Dean Frankel of Lux told Next Energy News that it was not the research firm’s intention to “pour cold water” on enthusiasm surrounding the announcement. Frankel stressed that the overcapacity was not likely to be a significant long-term concern, but nonetheless said that he felt the 500,000 EVs by 2020 was an ambitious target and explained why.
“We’re talking about one single claim that we’re evaluating. Their claim of 500,000 EVs in the year 2020. For that claim they would need the entire 35GWh capacity in that year. We don’t see that being likely; if we look at where [total] global electric vehicle sales are projected to go, we’re talking about 440,000 in the year 2020. Meaning that Tesla themselves would have to grow the market and have pretty much the entire EV market.

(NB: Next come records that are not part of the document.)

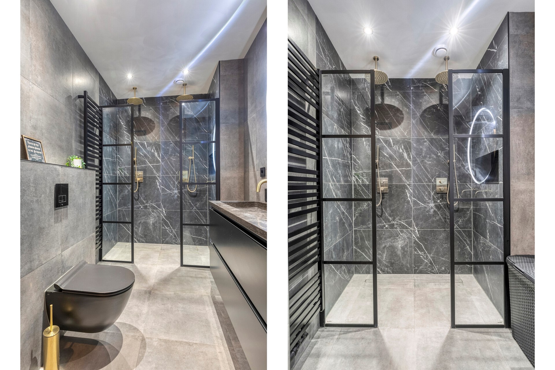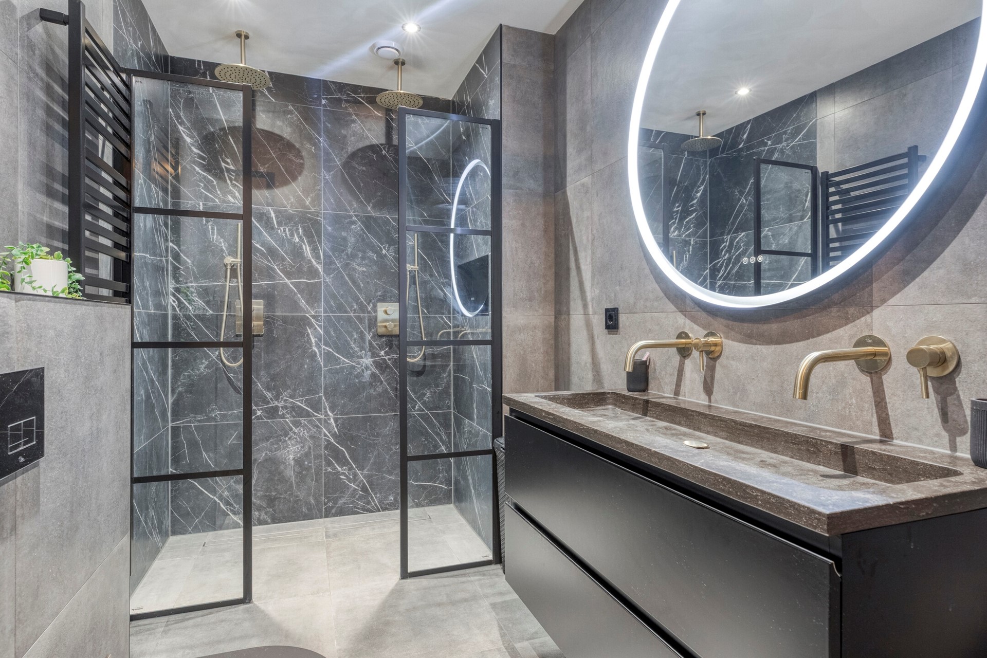 Wauw, wat een eyecatcher! Dit is een badkamer om verliefd op te worden. De badkamer uit 2023 is afgewerkt met een betegelde vloer, betegelde wanden en een gestuct plafond met inbouwverlichting. De badkamer is voorzien van elektrische vloerverwarming, 2e toilet, dubbel wastafelmeubel en niet te vergeten: een dubbele douche!
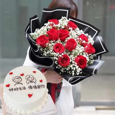 11枝紅玫瑰,白色滿(mǎn)天星搭配;圓形鮮奶蛋糕
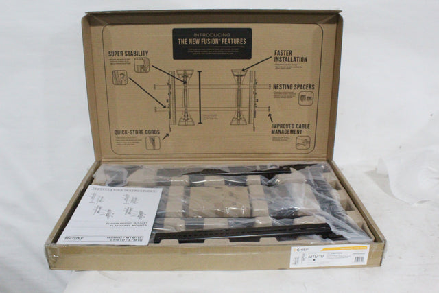 The Chief MTM1U Fusion Series Tilting Landscape Wall Mount will support TVs and monitors 26 to 47" and up to 125 lb, displayed in landscape mode. It offers the option of post-installation lateral shift up to 12.9" and height and level adjustment. It features a built-in cable stand for easy access under the screen. The MTM1U has ClickConnect, which provides an audible click when the screen is safely engaged with the mount.
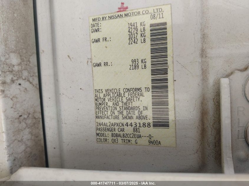 2012 NISSAN ALTIMA 2012 Gasoline, 2.5, Front wheel drive, VIN - 1N4AL2APXCN****** from the USA

The market itself may be bigger than that, and there are a number of factors which contribute to that like rising gas prices and infrastructure, but for Tesla to hit these targets it would absolutely be unprecedented and something that we don’t see as being likely at all.”
The lead author of the Lux Research report, Cosmin Laslau, also said that the cost of the Model 3 was likely to only drop by around US$2,800 as a result of production lines being supplied directly from the Gigafactory.
Frankel said one of the key reasons for Tesla choosing Nevada for the factory was that the firm had prioritised getting product to market quickly, and factors including Nevada’s relatively convenient location and lack of bureaucratic red tape standing in the way in the state compared to others nonetheless made it an appropriate choice for Tesla.